Under the Credit and Security Agreement, National was to deposit any funds received from its customers into the Collection Account, or to direct those customers to make payment into a "Lockbox" for future deposit into the Collection Account. (Amended Compl. at ¶ 73; Credit and Security Agreement § 1.6(b).)
National Gasoline was permitted to draw on the Loan up to 80% of the amount of its "Eligible Accounts," which included its accounts receivable, and National was to provide Plaintiff with monthly accounts receivable reports to determine this borrowing base. (Id. §§ 1.2(a)(I), 5.1(c).) The terms of the Loan prohibited National from including the following as Eligible Accounts: any accounts receivable aged over ninety days, or any amounts due from affiliated entities, such as the Consenting and Defaulting Defendants, as they are owned and/or operated by the same individuals that own and/or operate National. (Amended Compl. ¶¶ 74-76; Credit and Security Agreement at A-3, A-4 (definition of Eligible Accounts).)

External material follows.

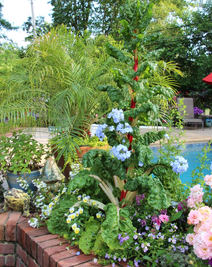 Sheri describes her flowerbeds as “riotous with color and levels.”

According to Plaintiff, the defendants conspired together to fraudulently induce it to enter into and maintain the Loan by, among other things, failing to disclose that the Consenting and Defaulting Defendants were affiliates of National, and by repeatedly including ineligible amounts these entities owed National in monthly accounts receivable reports. (Amended Compl. ¶ 65; Long Aff. ¶ 15; Hr'g Tr. at 37:19-39:8.) The defendants entered into this scheme to use the fraudulently obtained line of credit in order to purchase gasoline that was then sold to the Consenting and Defaulting Defendants. (Amended Compl. ¶ 65; Long Aff. ¶ 17.) However, the defendants never intended for the Consenting and Defaulting Defendants to repay National for the gasoline; rather, the proceeds of the retail gasoline sales would be transferred among the affiliates to compensate Lax, Rishty, Arje and Maira Rishty. (Amended Compl. ¶ 66.)

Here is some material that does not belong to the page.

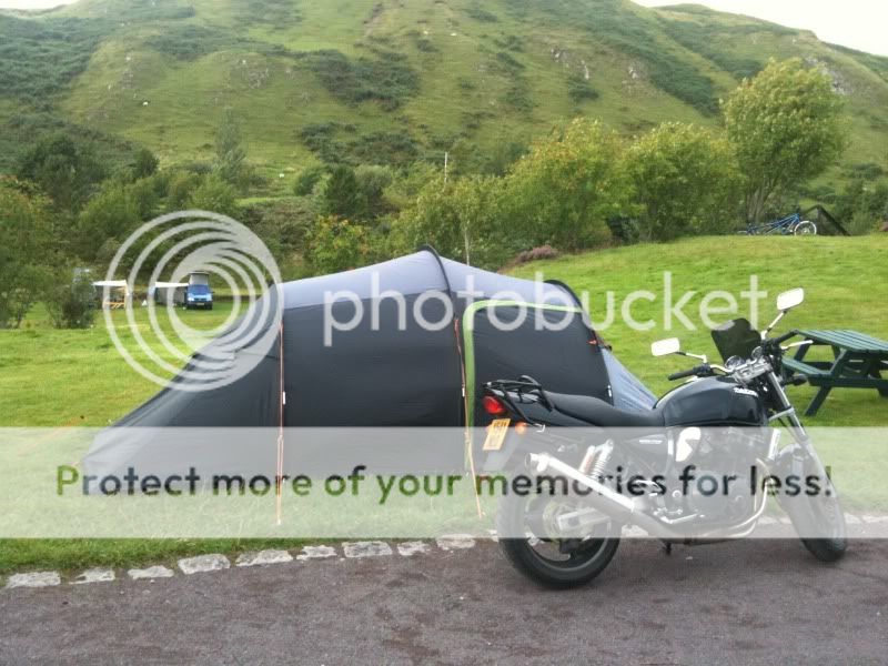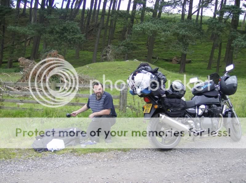 The final push got us to the campsite, east of St Mary’s Loch at the end of twenty miles of twisty single-lane B-road, liberally scattered with sheep who showed no inclination to move for a bike. I can’t praise these tiny little roads around the borders enough; you could pretty much aim for Hawick from any direction, take any road you see and be sure of a cracking, challenging run out. The crowning glory was that the Honey Cottage campsite was excellent, with lots of bikers having statics there and offering lots of tea and sympathy and advice on how to remove melted pannier from the exhaust.

Plaintiff avers that Rishty and National refused to remit to Plaintiff $1,479,000 in paid accounts receivable in December 2009, thereby converting those funds that constituted its Collateral. (Id. ¶ 67.) Plaintiff further contends that National, Lax and Rishty withdrew proceeds from the Collection Account without Plaintiff's consent, and used those funds to pay National Gasoline's creditors and other third parties before paying Plaintiff. (Id. ¶¶ 67-68.). National Gasoline and its principals are also alleged to have signed and deposited false checks of over $3 million into the Collection Account, thereby fraudulently increasing its value to draw more from the Loan. (Id. ¶ 69.) Finally, beginning in April 2010, and continuing until the date of the complaint, National Gasoline deposited collections of Collateral into other bank accounts owned or controlled by Lax, Rishty, and/or Arje. (Id. ¶ 71.)

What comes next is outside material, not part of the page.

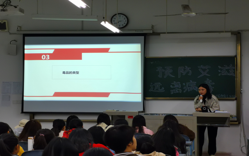 11月3日,教育学院学前教育19级3,4班,在钟灵楼开展“预防艾滋,远离毒品”班会活动。此次活动由3班团支部书记马林雨主讲,三班、四班全体同学参与

On April 13, 2010, Plaintiff deemed the affiliates' accounts ineligible and formally notified National Gasoline of its default under the Credit and Security Agreement. (Id. ¶ 79.) Plaintiff then accelerated the amount due under the Credit and Security Agreement on April 19, 2010. (Id. ¶ 80.) Two days later Plaintiff filed the instant action, alleging that the Defaulting and Consenting Defendants engaged in a civil conspiracy to defraud (Count 7) and violated the Racketeering Influenced and Corrupt Organizations Act ("RICO") (Count 10), and that separately, defendant 31st Gas Corp. converted funds from the Collection Account (Count 11). (Id. ¶¶ 118-30, 148-58, 159-62.)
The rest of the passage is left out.